Work order -> Using the listing below, say how many lines have the string "ligger" in them, giving the number alone.

Material shown ->
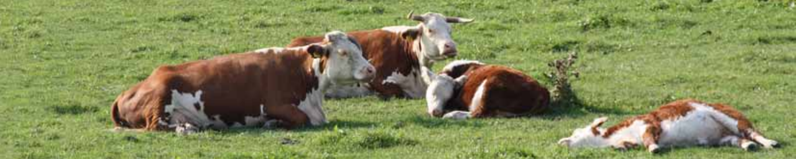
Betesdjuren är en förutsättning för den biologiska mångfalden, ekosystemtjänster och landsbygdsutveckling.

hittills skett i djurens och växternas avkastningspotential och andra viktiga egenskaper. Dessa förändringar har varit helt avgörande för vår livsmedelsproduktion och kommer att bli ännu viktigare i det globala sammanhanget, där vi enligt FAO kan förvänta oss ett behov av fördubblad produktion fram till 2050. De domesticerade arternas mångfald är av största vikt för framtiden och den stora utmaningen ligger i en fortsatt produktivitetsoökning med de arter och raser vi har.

...

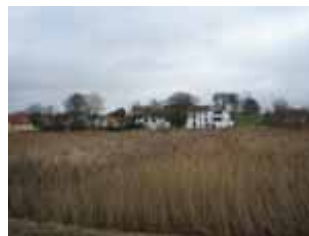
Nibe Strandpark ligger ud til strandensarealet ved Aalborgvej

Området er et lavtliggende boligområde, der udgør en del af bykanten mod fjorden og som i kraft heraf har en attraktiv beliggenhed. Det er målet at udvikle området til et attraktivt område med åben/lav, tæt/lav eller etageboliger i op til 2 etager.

Response -> 2